Apart from studying market microstructure, I am also a book publisher and the next item my book company will publish in September is an ethnographic study of the Large Hadron Collider (LHC), built by the European Organization for Nuclear Research (CERN), which is now the largest particle physics laboratory in the world. Founded in 1952 by eleven european states, the CERN launched the first collider in 1957 (Synchro-Cyclotron); the second one, Proton Synchrotron, was inaugurated by Niels Bohr himself in 1960; the Super Proton Synchrotron was launched in 1971; now the longest collider is the Large Hadron Collider, launched in 2008 thanks to the work of over 10,000 scientists and engineers from over 100 countries – a circumference of 27 kilometers, between (mainly) France and Swiss, 175 meters under the ground. This Large Hadron Collider is probably one of the greatest scientific achievements in the history of humankind.

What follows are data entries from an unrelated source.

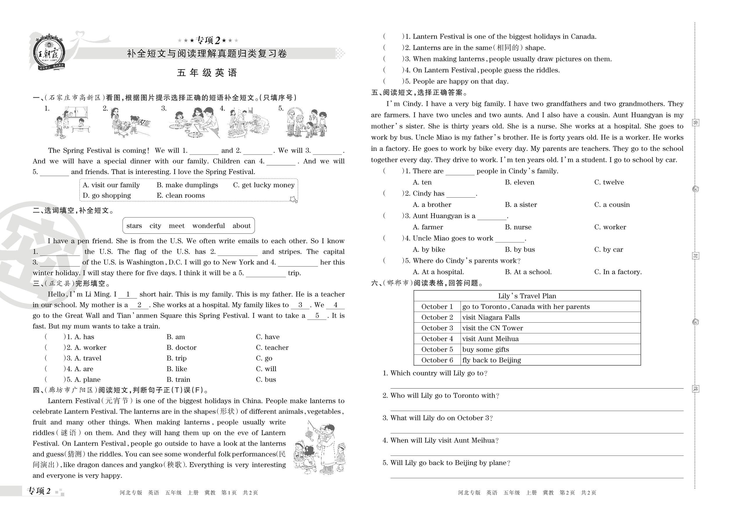 王朝霞期末专项卷——补全短文与阅读理解真题归类复习卷五年级上册英语(冀教版)【2】
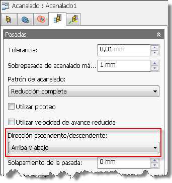 En la estrategia Acanalado de torneado, el parámetro Dirección ascendente/descendente controla la dirección de las pasadas de acabado y puede ser Arriba y abajo, Solo hacia abajo o Solo hacia arriba.
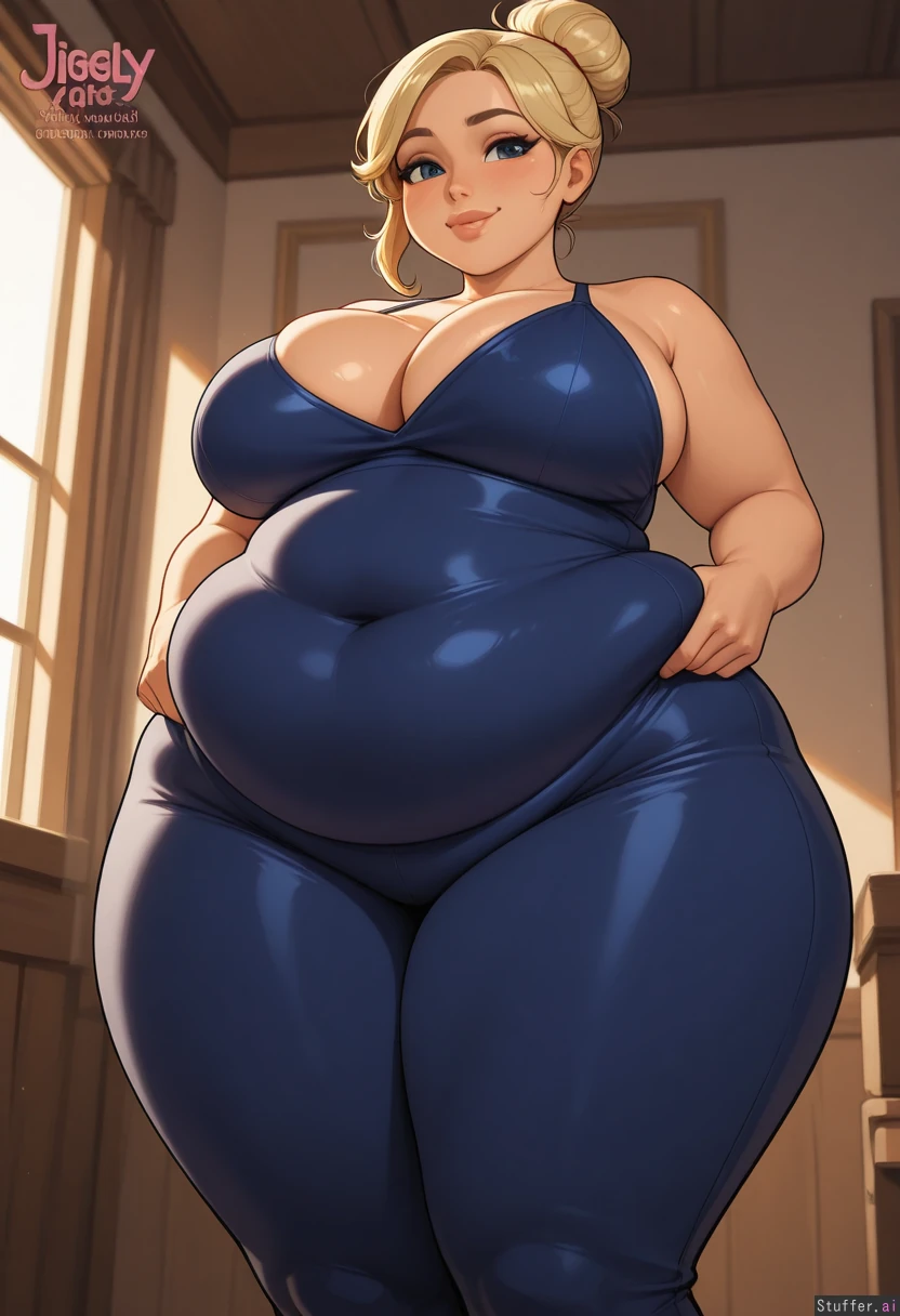 (jiggly(artist):1.5). (kamii momoru(artist):1.1). (kittew(artist):1.1). (21 year old, Blond hair, messy bun, blue eyes, tan skin, cute face, cute) Ssbbw, fat rolls, obese, huge fat belly, massive hips, massive thick thighs, perky bouncy big breasts, bouncy massive butt, fat legs, deep naval, overweight, bbw, 3000 lbs woman, overweight, chubby, fat, thick, huge cleavage, thick thighs Sexy, confident, sensual Feminine pose, standing (Weight gain:2.1) best quality. high rating. high res. masterpiece. uhd. beautiful lighting.
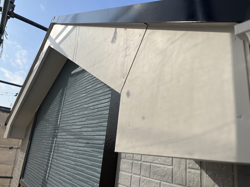 屋根・外壁・防水 破風板金(ガルバリウム鋼板)巻き工事 2023年12月19日 intech-inc 劣化が進み表面が剥がれ出していた破風板をガルバリウム鋼板材でカバー! Before_01 After_01 Before_02 After_02
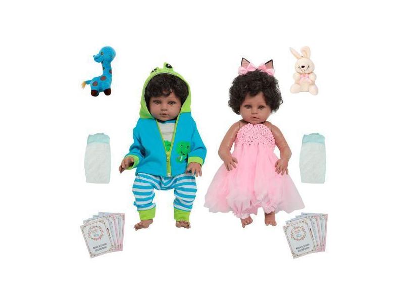 Boneca Tipo Reborn Gêmeos Realista Coelhinha e Jacarezinho - Cegonha R
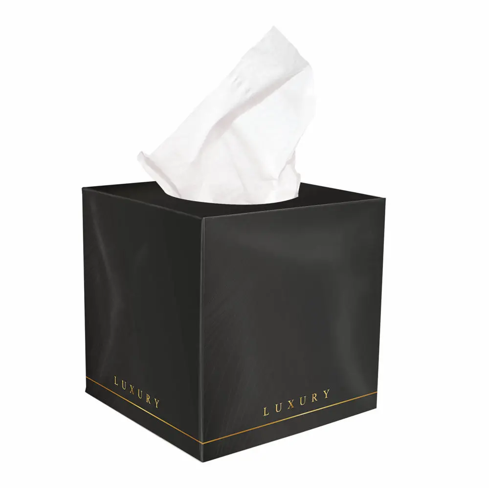 Discover our square tissue box, expertly crafted from durable paper for a premium feel. This versatile holder features foil stamping, allowing seamless integration of your company logo or custom design. Pre-filled with 50 high-quality 3-ply tissues, it ensures immediate usability right out of the package.
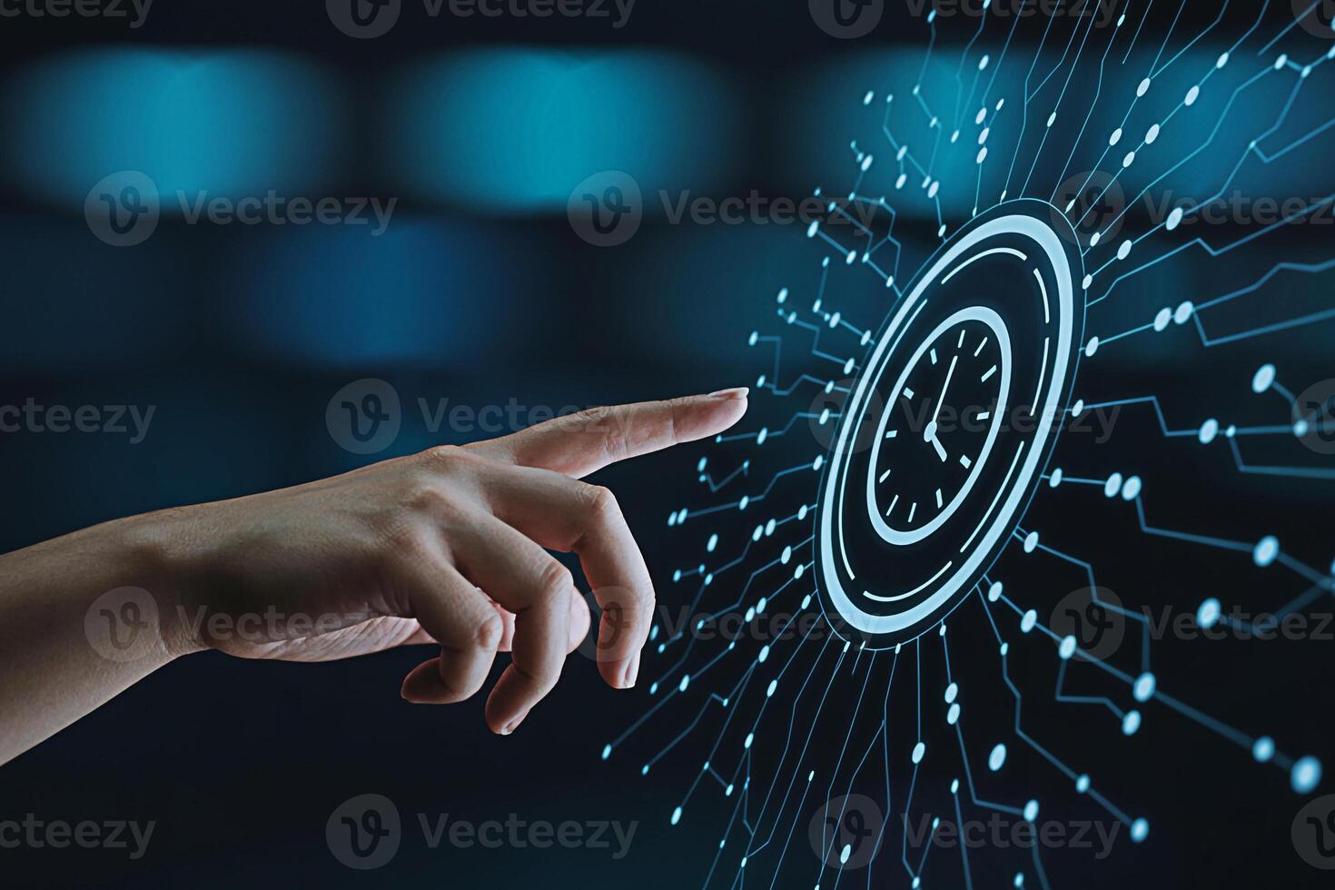 Human hand interacting with a digital clock interface in a futuristic environment symbolizing time management and technological advancement conveying a sense of control and efficiency in the digital a Pro Photo

The book, written by an anthropologist, Sophie Houdart, who follows the works of epistemologist Peter Galison, explains how all the CERN collaborators had (and still have) to deal with a lot of different issues, and some are quite amazing – since the LHC was built between two different countries, it has to deal with two different kind of regulations. Here is an old photography reproduced in the book, published in a Swiss newspaper in 1953 when the scientists were doing an exploratory mission in the countryside, where cows were peacefully grazing grass. One of the first works the scientists had to do, at that time, was to reassure the farmers about the particles (“no, they won’t kill your cows”) – the book also details Luis Sancho‘s attempt to close down the CERN because Sancho was convinced the collider would create black holes that would destroy the Earth.

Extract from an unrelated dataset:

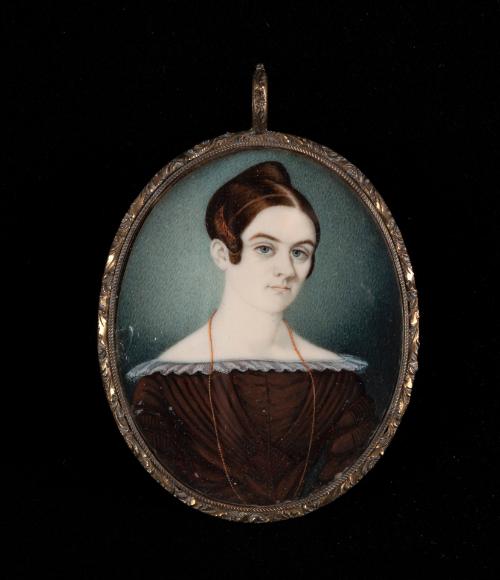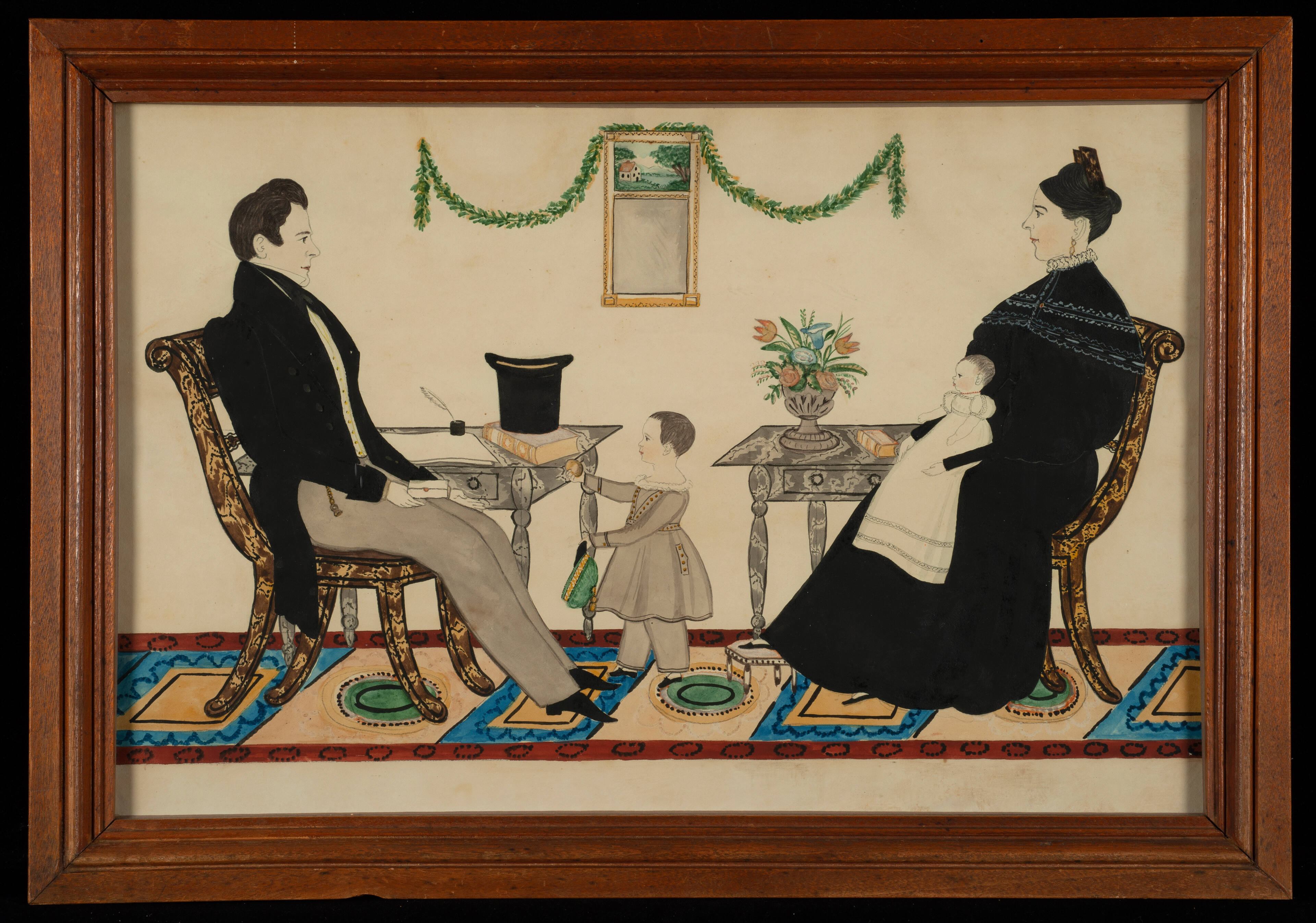 Label TextDavis's clientele included military officers, farmers, lawyers, schoolmasters and clergymen. In this group portrait of a handsome couple and their two children, Davis placed many refinements of a middle-class society on the tables, including a top hat, two books, a vase of flowers, a quill pen with inkstand and writing paper. Although he sought to record true likenesses, the portraits themselves do not seem to convey the sense of character found in the work of more skilled artists. Husband and wife are stiffly posed, as they gaze unblinkingly into each other's eyes, while their dutifully silent children gather by them. Just as Davis included symbols of a family's role in society, he seems to have made the subjects themselves symbols of refined New Englanders.BibliographyEye of the Collector: Works from the Lipman Collection of American Art (exh. cat. Arizona State University Art Museum, 1999).

Today, the Large Hadron Collider, as a particle accelerator, is used to collide hadrons in the tunnel at 99,9999% of the light speed (faster than the microwaves now used by high-frequency traders to carry data from point to point). The goals of the LHC was to prove some theoretical predictions made by physicists about the particle physics; above all, the collider was designed to find (no not) the existence of the theorized Higgs boson. That was made in 2012, and in 2013 Peter Higgs won the Nobel Prize in Physics (shared with François Englert) “for the theoretical discovery of a mechanism that contributes to our understanding of the origin of mass of subatomic particles” (by the way: Higgs never described the boson as “the particle of God”; he just said, one day, the boson was “a goddam particle” since it was hard to find). One of the very interesting points of the book is it shows how a small geographical area around Geneva is so “close” to the very first times of the universe, the co-called “Big Bang”. When I was editing the book, I was amused to see that scientists working at the LHC have to face issues known by the people working in the high-frequency trading industry – for instance, the hadrons travel so fast that physicists need to be very very careful about the time-stamps of their experiments.

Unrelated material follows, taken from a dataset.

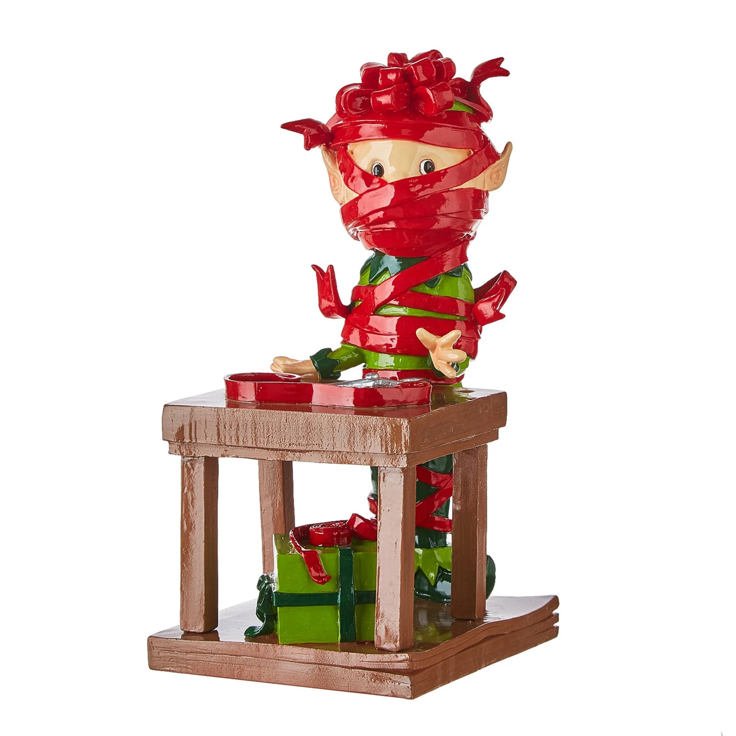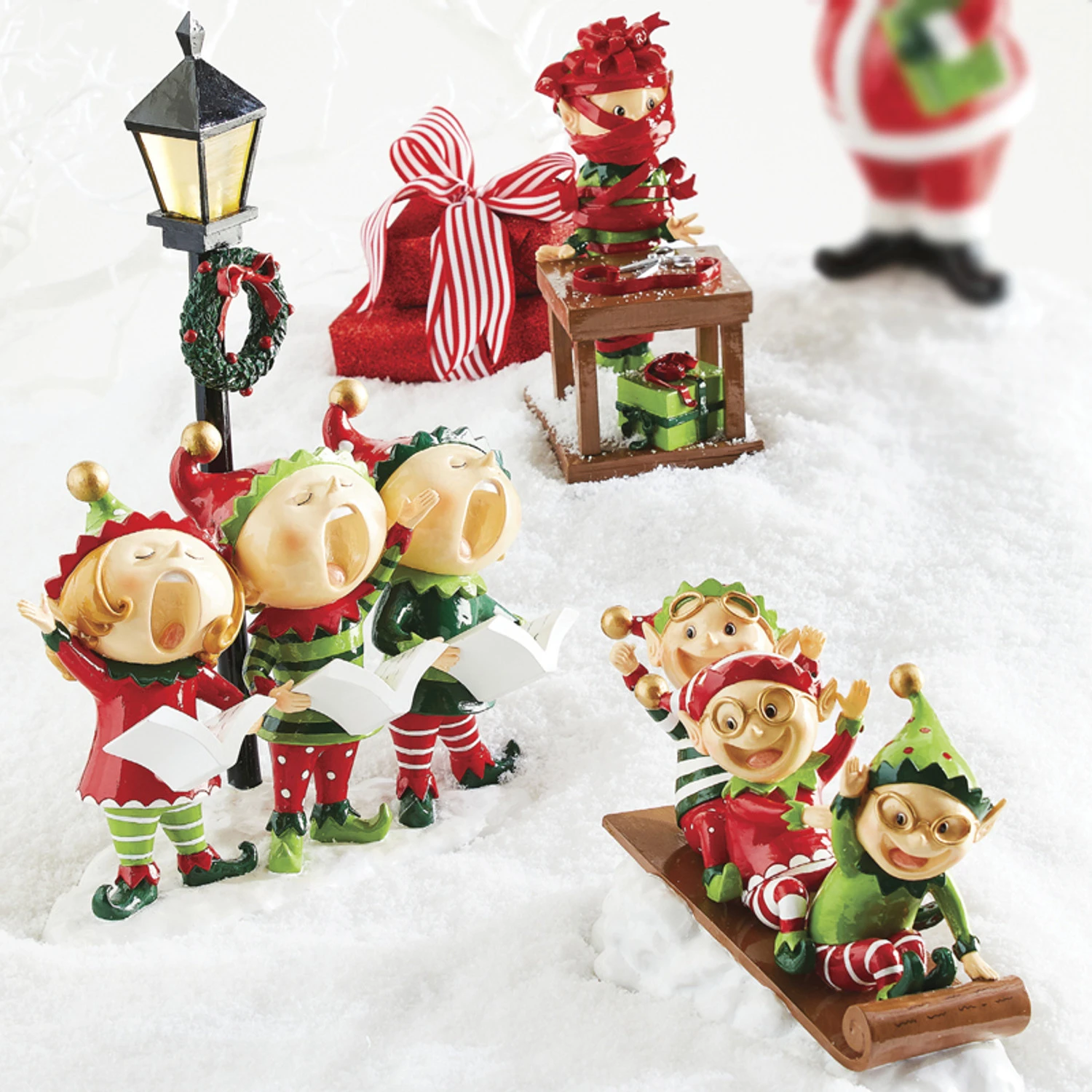 Today at the Elf University there’s a lot going on! One elf looks like he needs a bit more practice with wrapping gifts. He’s all wrapped up in bright red ribbon with a bow on his head- you can barely see his green elf outfit popping through the ribbon tangled around him! Another trio of elves excitedly slide down a snowy slope with giant smiles on their faces! And a few stand under a street light practicing their caroling skills. Each of these figures have bright red and green outfits sure to stand out in your decor this year! Each sold individually. Made by Raz Imports. Made of resin. Dimensions: 4″ L x 6″ W x 8.5″ H. Item #: 4110253 4110255 4110256
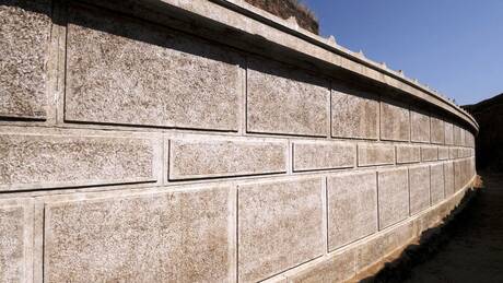Εκείνο που αξίζει να τονιστεί και προκύπτει μέσα από τη μελέτη που εκπόνησε ο αρχιτέκτονας του μνημείου, είναι ότι η κατασκευή του μαρμάρινου περίβολου έγινε από δυο διαφορετικά συνεργεία. Και τα δυο ξεκίνησαν από κοινό σημείο αλλά διέγραψαν διαφορετικές κατευθύνσεις: το ένα από την ανατολική πλευρά προς τη δυτική και ένα άλλο από τη δυτική προς την ανατολική. Χρειάστηκαν δυόμιση περίπου χρόνια προκειμένου ολόκληρος ο περίβολος να επενδυθεί με μάρμαρο.

But the real connection between the Large Hadron Collider and High-Frequency Trading are neutrinos. Apart colliding hadrons in the LHC tunnel, the CERN also tested (between 2006 and 2012) the way neutrinos can travel across the Earth. Neutrinos are light charged particles and can penetrate rocks. From the Geneva site, the CERN sent neutrinos to the Gran Sasso National Laboratory, in Italy, a project named OPERA (the technical details are there):
At some point, in September 2011, something really strange happened: neutrinos sent from Geneva arrived in Gran Sasso 60 nanoseconds faster that light speed.
What the f… was going on? How was it possible for particles to beat light speed? What happened to Einstein’s theory of relativity? Of course, when the outcomes of the experiment were released, the high-frequency trading world looked at the neutrinos. But (of course) there was a problem. The first CERN statement about the speed of neutrinos was released in September 2011, and in February 2012 an official update explained that this speed was overvalued: “The first possible effect concerns an oscillator used to provide the time-stamps for GPS synchronizations. It could have led to an overestimate of the neutrino’s time of flight. The second concerns the optical fibre connector that brings the external GPS signal to the OPERA master clock, which may not have been functioning correctly when the measurements were taken.” In a word: it was a problem of clock synchronisation between Geneva and Gran Sasso, and that is exactly what the high-frequency trading industry has to face now: clock synchronisation between different exchanges geographically dispersed around the world.
I will return to this point (clock synchronisation) in my next post about “The Nature of Time” in the HFT world. I truly understand why HFts have expressed interest in neutrinos: the fastest technology available to link different exchanges is microwave, but microwave need towers/dishes above the ground, and the world is a sphere, so you have to deal with the curve of the Earth, and because of the curve HFTs are losing time. Too bad. Mother Nature is not helping.
PS: I tried to design a book cover that could reflect what happens in the Large Hadron Collider, where particles are bumping into each other. There is a lot of movement in there. I came up with this optical illusion – a type of tunnel. If you look at the center of the cover, you should see some white points moving lightly.